A private hospital company has signed a contract to work toward taking over the public hospital in Vidalia.

The company, HCA, or Hospital Corporation of America, already owns the major hospital in Savannah and one in Waycross. Adding the hospital in Vidalia would give HCA dominance in several counties near coastal Georgia.

The agreement between HCA and the Vidalia hospital’s nonprofit parent, Meadows Health, would include the hospital, its cancer center and outpatient facilities, and, importantly, its network of physician practices.

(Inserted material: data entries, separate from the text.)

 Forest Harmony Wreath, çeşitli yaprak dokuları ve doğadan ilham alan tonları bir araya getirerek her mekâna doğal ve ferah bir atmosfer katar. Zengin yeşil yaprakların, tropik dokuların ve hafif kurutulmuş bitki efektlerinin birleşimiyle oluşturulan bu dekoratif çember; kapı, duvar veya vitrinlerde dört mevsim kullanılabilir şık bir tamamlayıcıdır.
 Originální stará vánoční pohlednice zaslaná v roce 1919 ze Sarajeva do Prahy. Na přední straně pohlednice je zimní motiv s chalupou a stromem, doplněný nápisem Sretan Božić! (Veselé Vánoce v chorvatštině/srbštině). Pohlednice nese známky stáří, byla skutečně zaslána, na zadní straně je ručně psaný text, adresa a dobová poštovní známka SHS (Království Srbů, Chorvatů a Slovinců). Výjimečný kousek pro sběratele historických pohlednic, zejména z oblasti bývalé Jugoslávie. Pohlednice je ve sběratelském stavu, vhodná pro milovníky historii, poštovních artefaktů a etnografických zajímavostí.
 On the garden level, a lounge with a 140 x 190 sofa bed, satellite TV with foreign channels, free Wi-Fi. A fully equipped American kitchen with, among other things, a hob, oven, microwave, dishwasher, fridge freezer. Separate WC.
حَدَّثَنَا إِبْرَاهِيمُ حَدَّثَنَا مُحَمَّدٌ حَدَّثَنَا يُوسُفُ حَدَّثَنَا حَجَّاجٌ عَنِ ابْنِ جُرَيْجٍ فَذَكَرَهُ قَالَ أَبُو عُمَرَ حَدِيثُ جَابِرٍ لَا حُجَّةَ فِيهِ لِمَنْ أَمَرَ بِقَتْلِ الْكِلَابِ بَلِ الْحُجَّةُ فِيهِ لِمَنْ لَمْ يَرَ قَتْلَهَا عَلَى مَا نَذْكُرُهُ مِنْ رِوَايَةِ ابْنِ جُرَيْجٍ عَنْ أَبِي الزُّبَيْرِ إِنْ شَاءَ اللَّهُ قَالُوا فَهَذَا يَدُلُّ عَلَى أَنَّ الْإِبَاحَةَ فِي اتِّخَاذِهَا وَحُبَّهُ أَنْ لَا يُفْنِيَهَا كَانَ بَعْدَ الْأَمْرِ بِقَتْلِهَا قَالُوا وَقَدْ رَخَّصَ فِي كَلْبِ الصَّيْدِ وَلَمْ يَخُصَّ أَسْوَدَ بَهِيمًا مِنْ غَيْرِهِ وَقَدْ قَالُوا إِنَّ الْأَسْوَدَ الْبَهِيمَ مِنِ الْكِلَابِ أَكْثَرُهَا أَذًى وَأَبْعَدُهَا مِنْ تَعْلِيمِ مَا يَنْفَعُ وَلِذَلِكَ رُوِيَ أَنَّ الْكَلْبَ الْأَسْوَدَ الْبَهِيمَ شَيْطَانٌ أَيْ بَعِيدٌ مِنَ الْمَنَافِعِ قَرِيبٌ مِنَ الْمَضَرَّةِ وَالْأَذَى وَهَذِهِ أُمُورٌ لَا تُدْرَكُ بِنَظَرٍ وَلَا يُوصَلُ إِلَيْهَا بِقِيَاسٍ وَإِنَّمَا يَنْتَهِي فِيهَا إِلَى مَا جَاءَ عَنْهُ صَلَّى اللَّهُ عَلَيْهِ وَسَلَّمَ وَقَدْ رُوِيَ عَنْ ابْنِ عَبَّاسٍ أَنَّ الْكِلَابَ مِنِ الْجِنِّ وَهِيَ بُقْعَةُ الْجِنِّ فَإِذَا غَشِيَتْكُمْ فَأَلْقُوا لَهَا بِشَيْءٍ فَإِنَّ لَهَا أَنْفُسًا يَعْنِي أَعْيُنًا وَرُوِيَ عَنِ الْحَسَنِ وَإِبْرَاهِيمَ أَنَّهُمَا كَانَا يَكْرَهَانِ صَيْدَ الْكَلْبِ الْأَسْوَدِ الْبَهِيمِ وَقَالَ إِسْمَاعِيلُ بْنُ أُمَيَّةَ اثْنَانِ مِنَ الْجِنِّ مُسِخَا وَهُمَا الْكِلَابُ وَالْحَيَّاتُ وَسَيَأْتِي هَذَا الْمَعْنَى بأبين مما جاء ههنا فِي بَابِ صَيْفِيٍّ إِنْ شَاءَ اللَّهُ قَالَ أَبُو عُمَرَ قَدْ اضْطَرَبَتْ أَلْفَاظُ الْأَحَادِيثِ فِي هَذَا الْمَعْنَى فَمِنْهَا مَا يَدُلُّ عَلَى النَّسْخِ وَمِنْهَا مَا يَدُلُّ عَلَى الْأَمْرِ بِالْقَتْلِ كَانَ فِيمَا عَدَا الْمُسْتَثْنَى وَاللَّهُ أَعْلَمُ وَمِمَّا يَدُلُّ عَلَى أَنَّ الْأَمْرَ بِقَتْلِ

“The Meadows Health Board is comprised of community members who are passionate about ensuring that our health system remains stable, strong and growing despite the increasingly challenging dynamics in healthcare,” Meadows Health Board Chairman Mike Calhoun said in a statement announcing the agreement.

The statement does not specify whether HCA will buy the hospital or work out some other arrangement but says they are working toward alignment.

The current contract is a letter of intent. HCA and Meadows will now begin a period of due diligence and negotiate a “definitive” agreement, the two organizations said in a joint statement. When they have a deal, they will file it with the state Attorney General’s Office and hold a public hearing about it in Vidalia.

Having a public hospital means having public input and more transparency in what the hospital does, but it also carries risks for taxpayers. Meadows Health and its affiliates were hit in 2017 with a $12.9 million settlement by the U.S. Department of Justice and the state over allegations they were illegally paying doctors to refer patients to them.

Running a hospital also isn't cheap. Health costs are rising much faster than overall inflation. Meadows CEO James Alan Kent was paid $929,000 in reportable compensation in 2017, according to tax forms, the latest year public forms are available. That is less than the top doctor was paid. (The hospital notes the CEO's pay was usually half that amount but that year he received a one-time payout.)

About the time HCA bought Memorial University Medical Center, by far the largest of three hospitals in Savannah, Memorial had run staggering losses, up to $44 million one year.

The biggest concern analysts often have for an area when hospital consolidation occurs is that prices will rise as competition decreases. A dominant hospital system can use its leverage as the only game in the region to raise prices substantially. But a spokeswoman for Meadows wrote in an email that “we would expect that cost to our patients would remain largely unchanged.”

The spokeswoman, Elizabeth Harvill, said patients with private insurance generally have out-of-pocket costs set by the insurance plan, and rates with Medicare and Medicaid are set by government. For uninsured patients, she said, HCA’s charitable care policies are “more generous than many hospitals in Georgia.”

She did not address costs to insurance companies, which filter down to patients in premium prices.